Chwilę po ósmej jestem i staram się opanować porządek rzeczy na dworcu SAD. Mam wrażenie, że jestem tu pierwszy raz, tyle się pozmieniało. Kurzę z kierowcami pod ich kanciapą i przyglądam się modzie młodzieżowej w wersji słowackiej. Hmm… bluzeczki w wersji pasek materiału w poprzek li tylko i jedynie cycków (czy się je ma, czy nie), odsłonięte brzuchy (niezależnie od obwodu talii) a do tego krótkie, obszarpane dżinsy, kolorowe getry piłkarskie do pół łydki i buty do koszykówki. Żeby jeszcze coś błyszczało; kolczyki swobodnie mogące robić za fragment żyrandola. Czadersko!

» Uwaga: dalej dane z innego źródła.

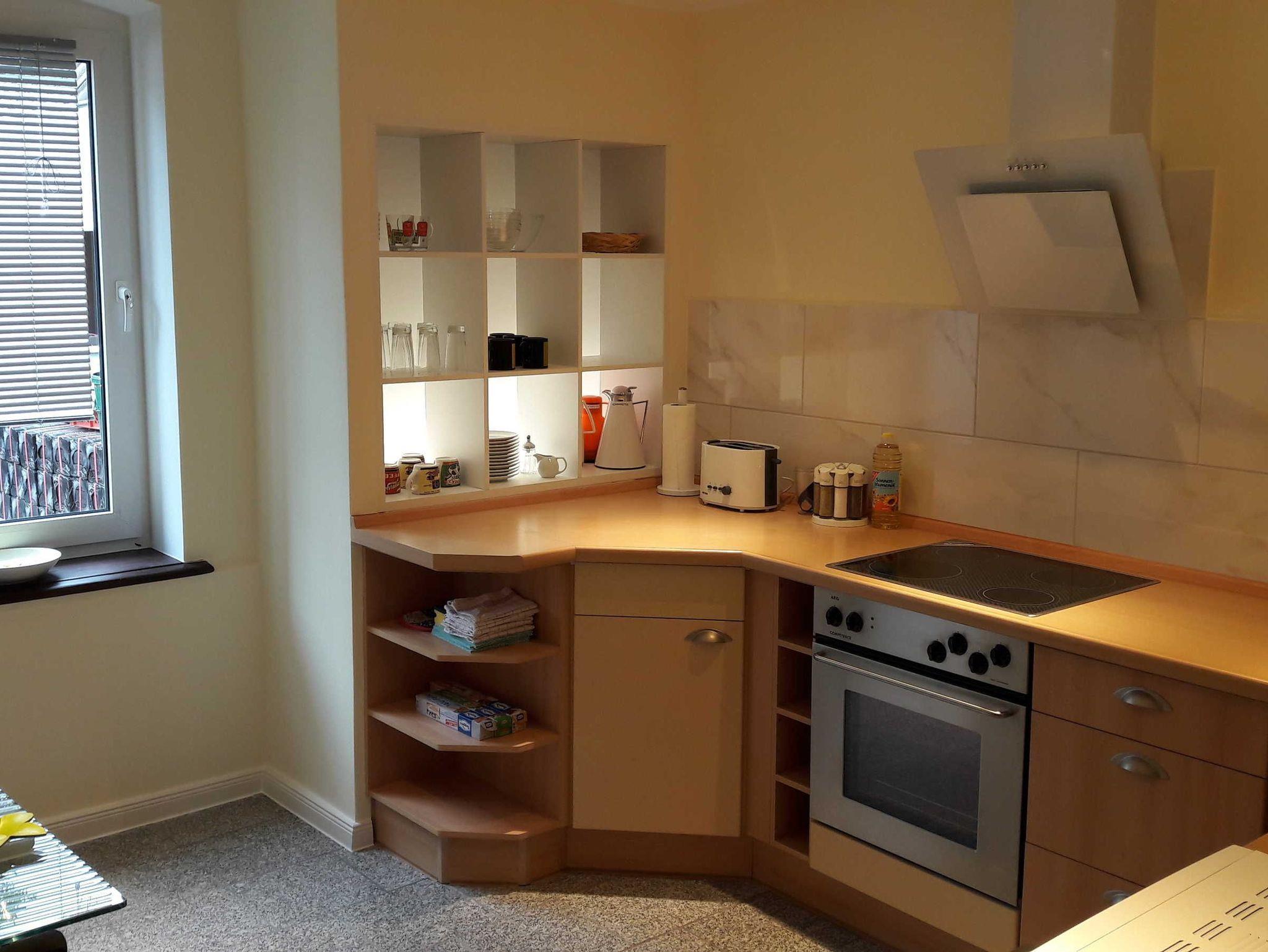 Unsere Küche ist voll ausgestattet mit Kaffeemaschine, Toaster, Tassimo Kaffeeautomat inkl. Pads (begrenzte Anzahl), Wasserkocher, Kühlschrank, Mikrowelle, Backofen, Herd, Gewürzen, 1.Hilfe Set,
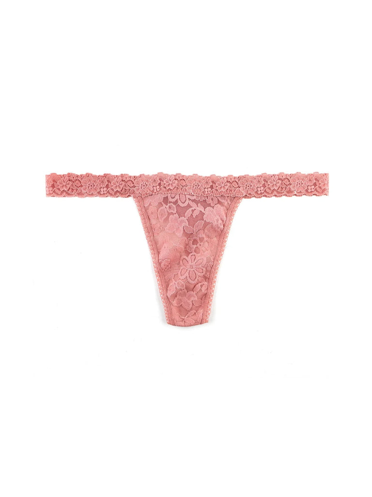 Hanky Panky's signature V-front and V-back waistband revolutionized the world of lingerie 30 years ago and has put an end to panty-lines. Soft and stretchy, Hanky Panky officially makes the World's Most Comfortable Thong. Easy and lightweight, but still there where you need it, this G-string sits between the cheeks without irritating. Crafted in the brand's new Daily Lace™, it gently seals in comfort, giving a flawless finish under clothing.

Autobus do Terchovej. Automatyczne przestawienie na język tubylczy. Za oknami cud pogoda i przepiękne, spadziste i spiczaste zielone pagórzyska zakończone ostro i zadziornie skałami. Coś mi się w środku chichra samo do siebie, chociaż wiem, że to chichranie płaczem się jeszcze zakończy przy podejściu, ale nic to. Jest moc. Jest dużo mocy!
Wysiadam we wsi Bela, przystanek Branica. Szlak zielony doliną Malej Branicy. Na jej początku wita mnie Windows 98…
Chwilę później zaczepia mnie jakiś pan, żebym uważała na niedźwiedzia, bo se tu jeden łazi… No tak, przecież… Od tego momentu jakoś często rozglądam się po większym łuku niż zazwyczaj. Szlakowskaz od hotelu pokazuje: Sedlo Bublen 3:20. Dolina wije się między stromymi wzgórzami, podchodzi pod kolonię domków letniskowych, kilka starych drewnianych spichlerzy czy też bacówek zamkniętych na kłódkę, jest cichutko i przyjemnie, czasem ktoś krząta się w obejściu, kwiaty, szemrzący potok i spokój… Mogłabym tu mieszkać. Naprawdę.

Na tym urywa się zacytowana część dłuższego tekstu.